Charlie Henry

Personal information
- Full name: Charles Anthony Henry
- Date of birth: 13 February 1962 (age 64)
- Place of birth: Acton, London, England
- Height: 5 ft 11 in (1.80 m)
- Positions: Full back; attacking midfielder;

Youth career
- –: Swindon Town

Senior career*
- Years: Team / Apps / (Gls)
- 1980–1989: Swindon Town / 223 / (26)
- 1987: → Torquay United (loan) / 6 / (1)
- 1987: → Northampton Town (loan) / 4 / (1)
- 1989–1992: Aldershot / 81 / (18)
- –: Cheltenham Town
- –: Fairford Town

= Charlie Henry (footballer, born 1962) =

English footballer (born 1962)

Charles Anthony Henry (born 13 February 1962) is an English former professional footballer, born in Acton, London, who played in the Football League for Swindon Town, Torquay United, Northampton Town and Aldershot.

==Career==
Henry began his career as an apprentice with Swindon Town, turning professional in February 1980. He made his league debut as a second-half substitute for Brian Hughes, against Reading at Elm Park on 30 August 1980.

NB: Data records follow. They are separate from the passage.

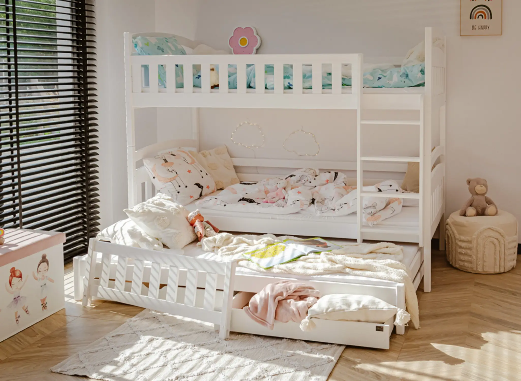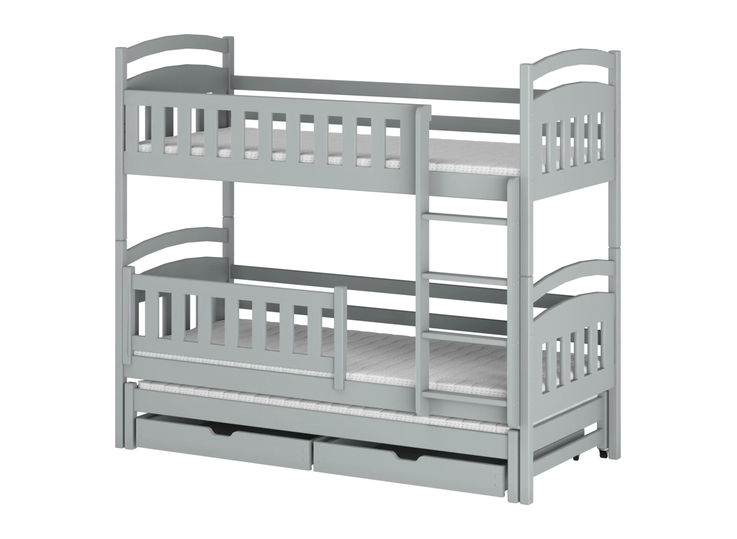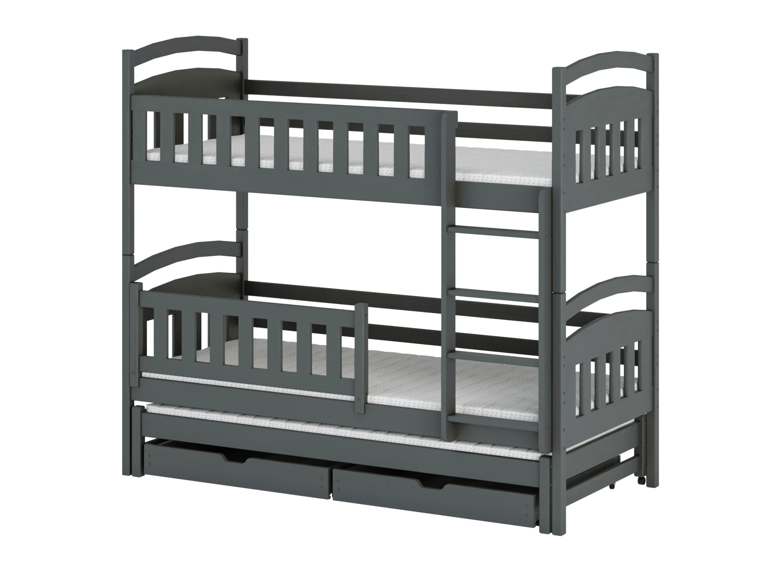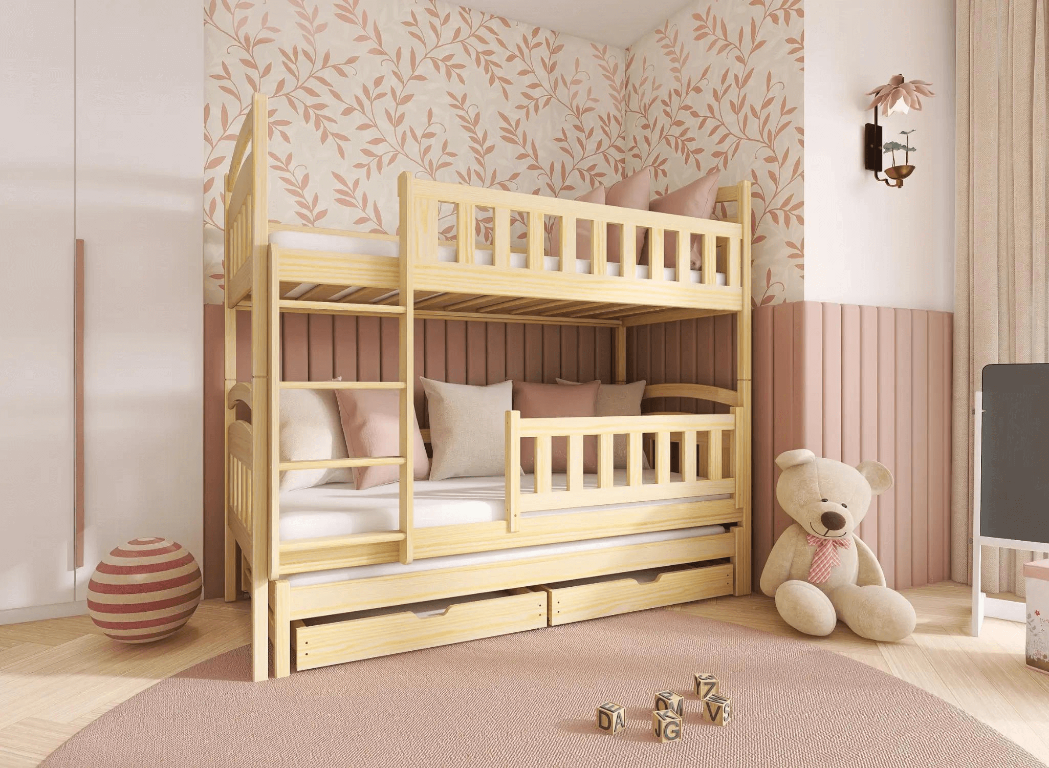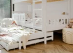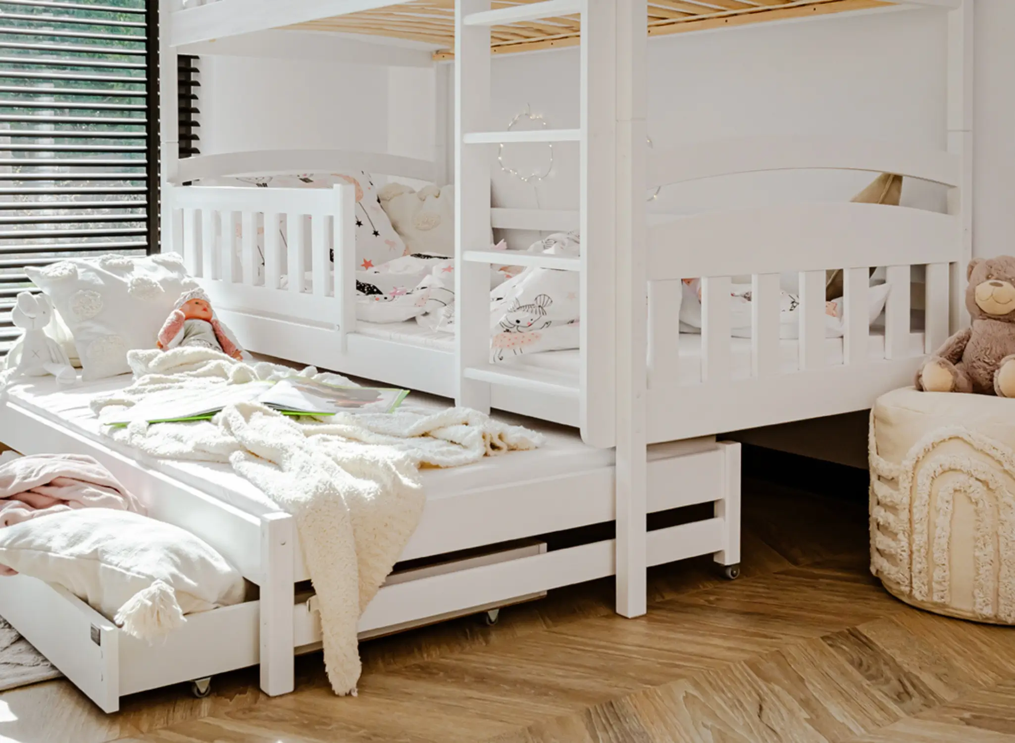 Na spodku trojposteľovej poschodovej postele LEA. môžu byť výsuvné zásuvky, ak sa rozhodneš pre takúto variantu. Ich priestranný vnútorný priestor pojme veľa vecí, ktoré zapratávajú priestor v detskej izbe, napríklad dlho nepoužívané hračky alebo prikrývky, po ktoré siahneš len v zime. Ďalší, výsuvný matrac na spodku sa stane neoceniteľnou pomocou, keď dieťa pozve na noc priateľov na veľké prenocovanie – zabezpečí hosťom komfort bez potreby použitia ďalších nafukovacích matracov.
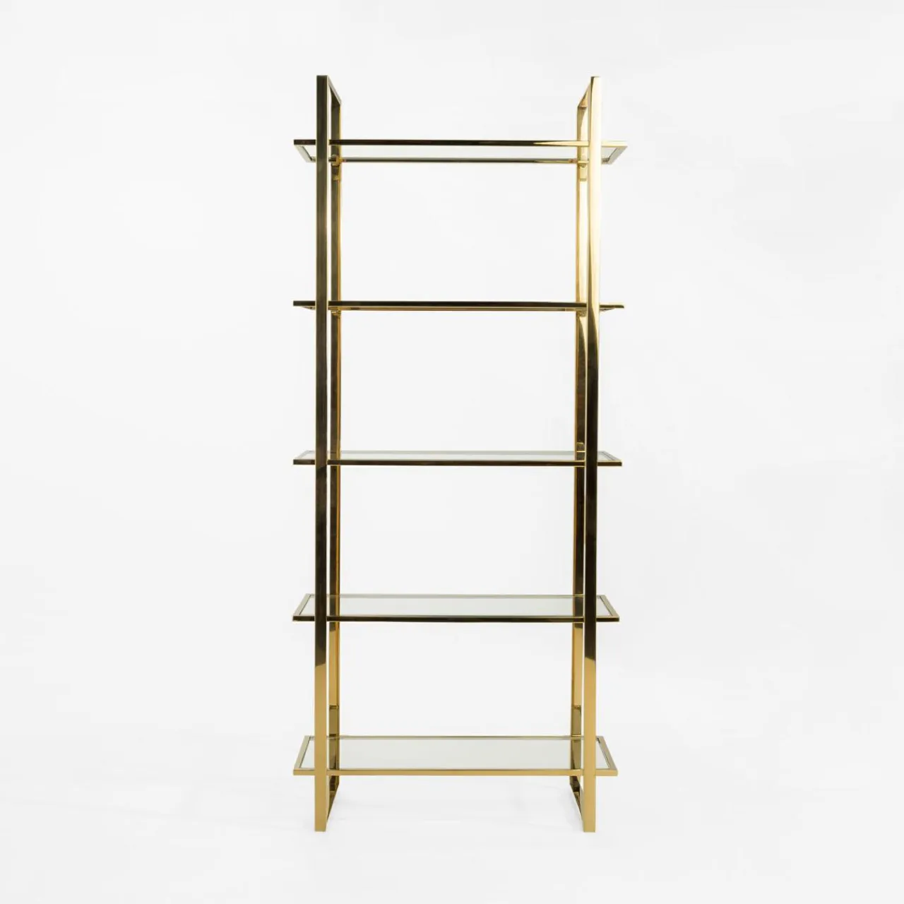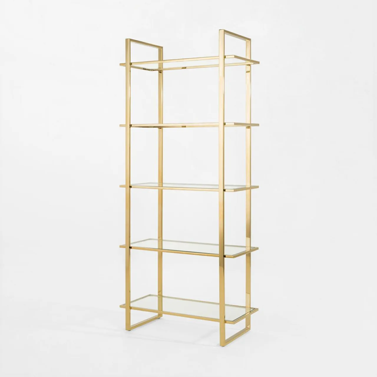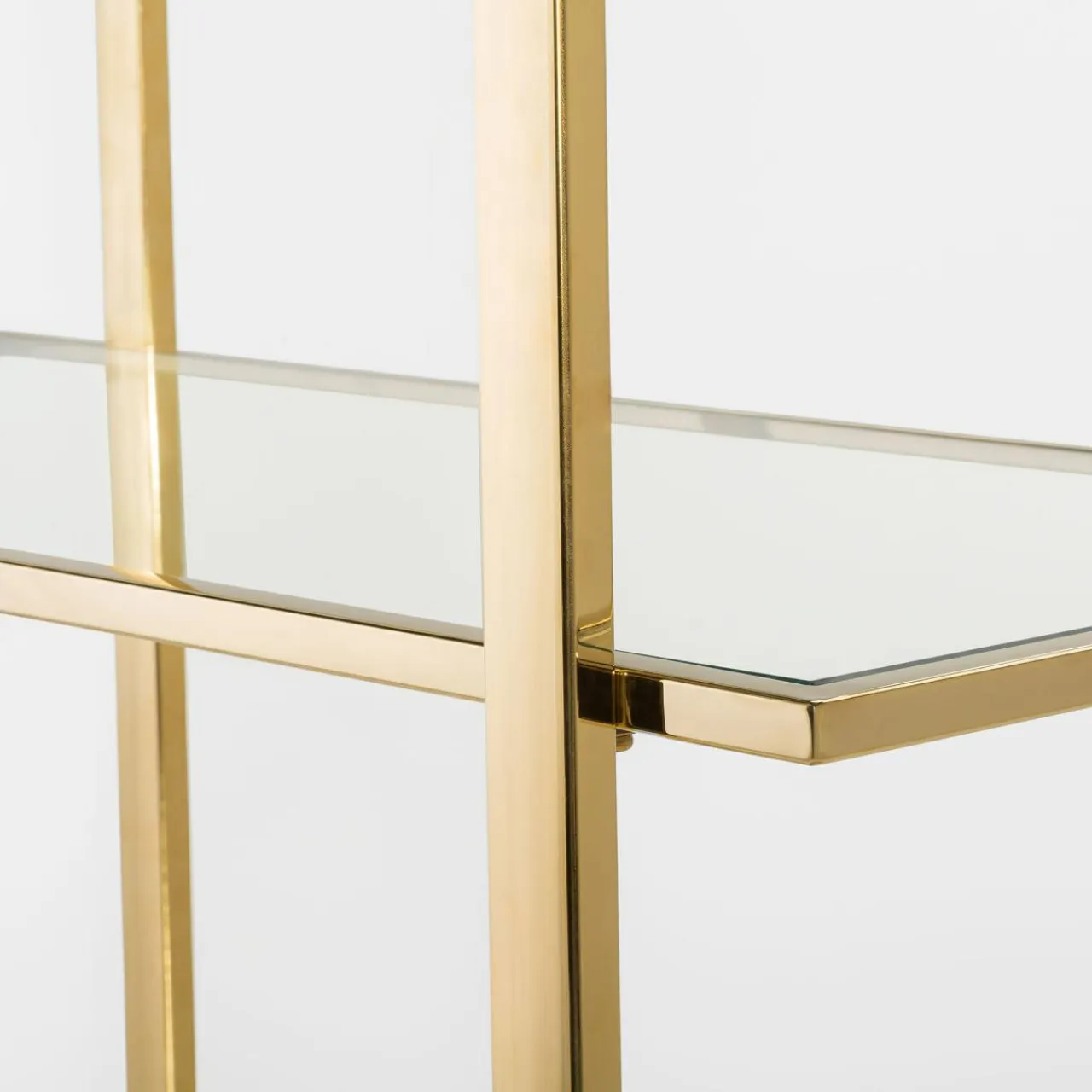 Z regałem EBRALIN stworzysz wymarzoną biblioteczkę w stylu glamour. Stelaż ze złotej stali nierdzewnej i szklane półki będą odpowiednim miejscem do ekspozycji swoich ulubionych książek.
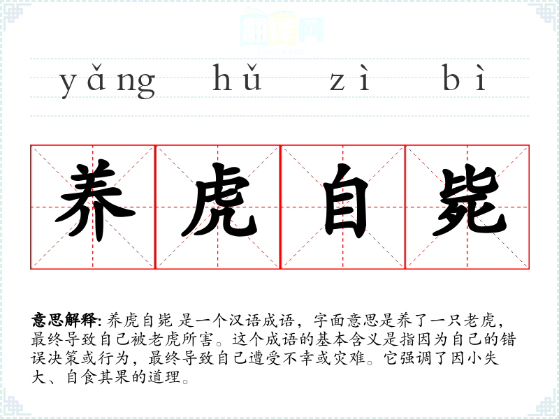 养虎自毙 是一个汉语成语,字面意思是养了一只,最终导致自己被所害。这个成语的基本含义是指因为自己的错误决策或行为,最终导致自己遭受不幸或灾难。它强调了因小失大、自食其果的道理。
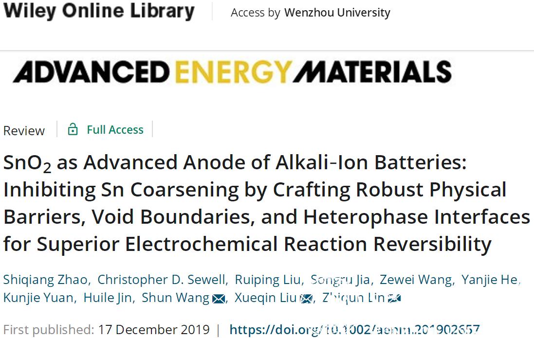 近日,国际能源顶级刊物《Advanced Energy Materials》发表了我校化材学院赵世强博士有关二氧化锡作为碱金属离子电池先进负极材料的综述性论文“SnO2as Advanced Anode of Alkali-Ion Batteries: Inhibiting Sn Coarsening by Crafting Robust Physical Barriers, Void Boundaries, and Heterophase Interfaces for Superior Electrochemical Reaction Reversibility”(二氧化锡作为碱金属离子电池先进负极材料:构建稳健的物理屏障、孔隙边界、异质界面抑制锡粗化增强电化学反应可逆性),化材学院院长王舜教授与美国佐治亚理工学院林志群教授为通讯作者,LY体育·(国际)官方网站为第一通讯单位。

Originally a full-back, Henry was converted into an attacking central midfielder by Swindon manager Lou Macari, and went to score 27 goals for the "Robins" in 269 games. He was the top goalscorer in the Fourth Division championship-winning side in the 1984–85 season, but fell out of favour and joined Torquay United on loan in February 1987, playing six games as Stuart Morgan's side battled against relegation with little money for new signings.

He joined Northampton Town on loan the following month, but returned to Swindon and played in the play-off final at the end of the season, scoring from 20 yards against Gillingham as Swindon won promotion to the Second Division.

He left the County Ground before the 1989–90 season, joining Aldershot for a fee of £25,000. He scored 18 times in 81 league games over the following two seasons, and a further 2 goals from 35 games which were expunged from his record as Aldershot's financial problems saw them fail to complete the 1991–92 season. He later played non-league football for Cheltenham Town and Fairford Town.

Henry's son Leigh was on Swindon's books as a youngster, but the closest he came to League football was as an unused substitute; he went on to join non-league club Swindon Supermarine.